You may need to create a virtual environment and install ocrmypdf to there.

ajweber commented 4 years ago

Trying to get this working. unpaper is not found, and choco does not appear to have a package for it.

Anyone have tips/tricks to install 64bit windows binary for unpaper to support --clean option?

FWIW: I found a pre-built 6.2 binary, but that didn't work. It runs (and shows me a version), but ocrmypdf dumps a stack-trace when it tries to use it. (I put it in my PATH)

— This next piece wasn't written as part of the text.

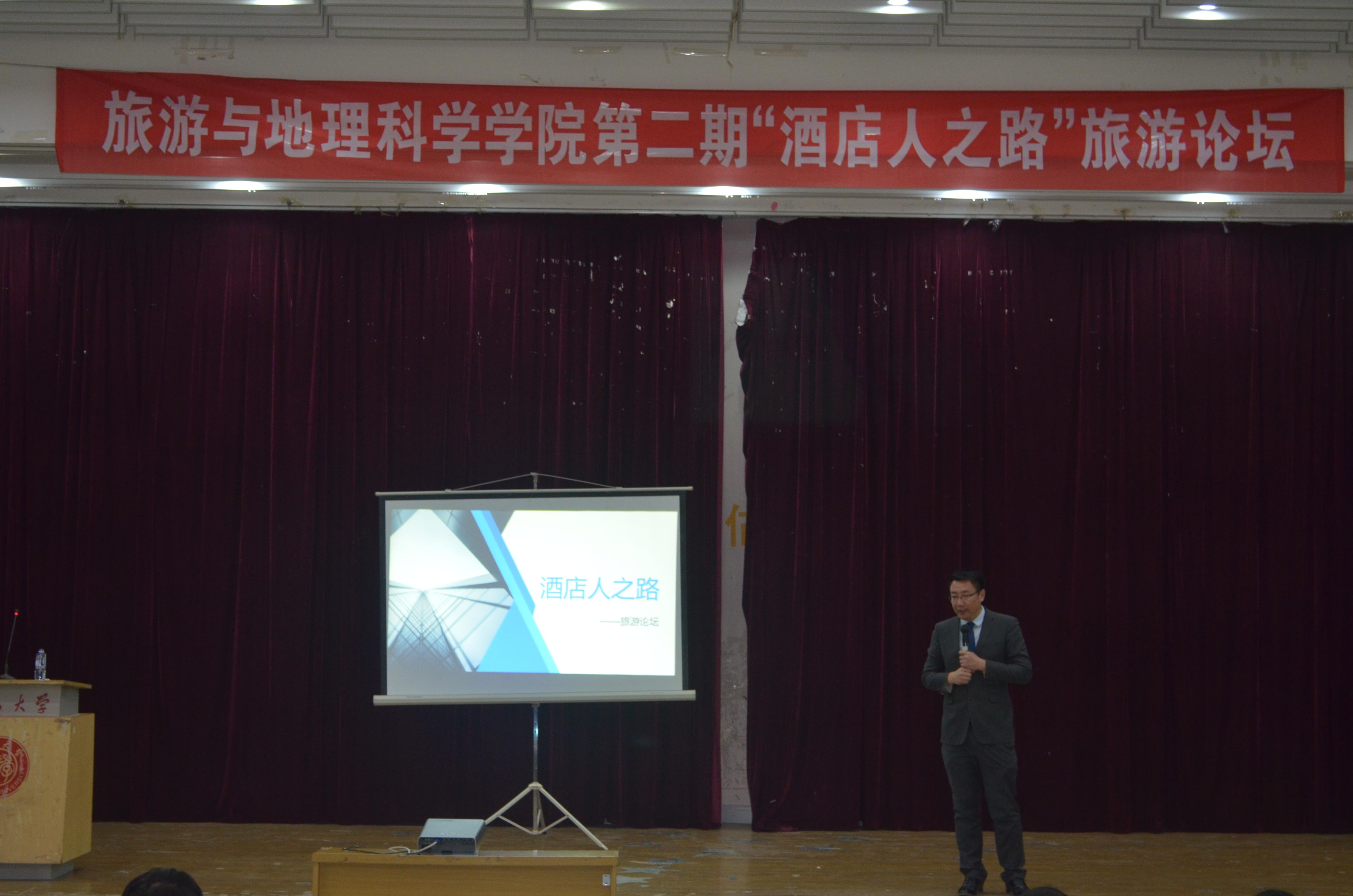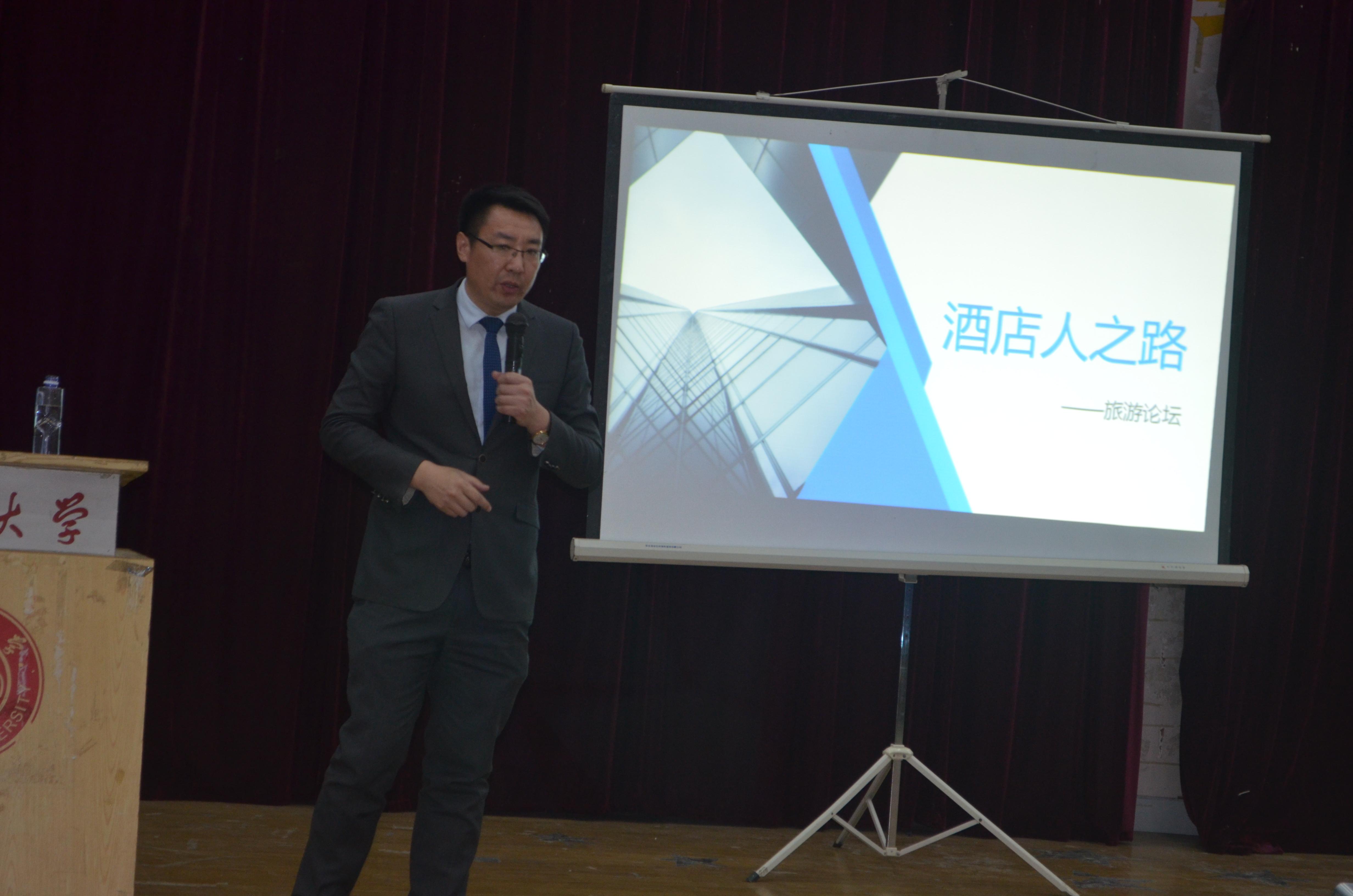 3月31日,由SJB世俱杯官方网站主办的“酒店人之路”第二期旅游论坛在SJB世俱杯官方网站东校区图文中心四楼报告厅举行。本次旅游论坛主讲嘉宾为SJB世俱杯官方网站九八级旅游管理专业优秀校友、青岛海景花苑大酒店总经理孙兆刚先生。SJB世俱杯官方网站2016级酒店管理专业的全体同学参加了此次论坛。论坛由学工办主任葛晓茜主持。

joseavegaa commented 4 years ago

Hey! I know this is an old thread but I just installed Python 3.8, Tesseract 5.0.0, Ghostscript, pngquant, and ocrmypdf. When I execute ocrmypdf --help, I get the following:

  File "c:\users\javegaa\appdata\local\programs\python\python38-32\lib\runpy.py", line 194, in _run_module_as_main
    return _run_code(code, main_globals, None,
  File "c:\users\javegaa\appdata\local\programs\python\python38-32\lib\runpy.py", line 87, in _run_code
    exec(code, run_globals)
  File "C:\Users\javegaa\AppData\Local\Programs\Python\Python38-32\Scripts\ocrmypdf.exe\__main__.py", line 5, in <module>
  File "c:\users\javegaa\appdata\local\programs\python\python38-32\lib\site-packages\ocrmypdf\__init__.py", line 18, in <module>
    from . import helpers, hocrtransform, leptonica, pdfa, pdfinfo
  File "c:\users\javegaa\appdata\local\programs\python\python38-32\lib\site-packages\ocrmypdf\leptonica.py", line 70, in <module>
    lept = ffi.dlopen(_libpath)
OSError: cannot load library 'C:\Program Files\Tesseract-OCR\liblept-5.dll': error 0xc1

Thanks for the help, really appreciate this.

jbarlow83 commented 4 years ago

You installed 32-bit Python and 64-bit Tesseract, and these can't interface.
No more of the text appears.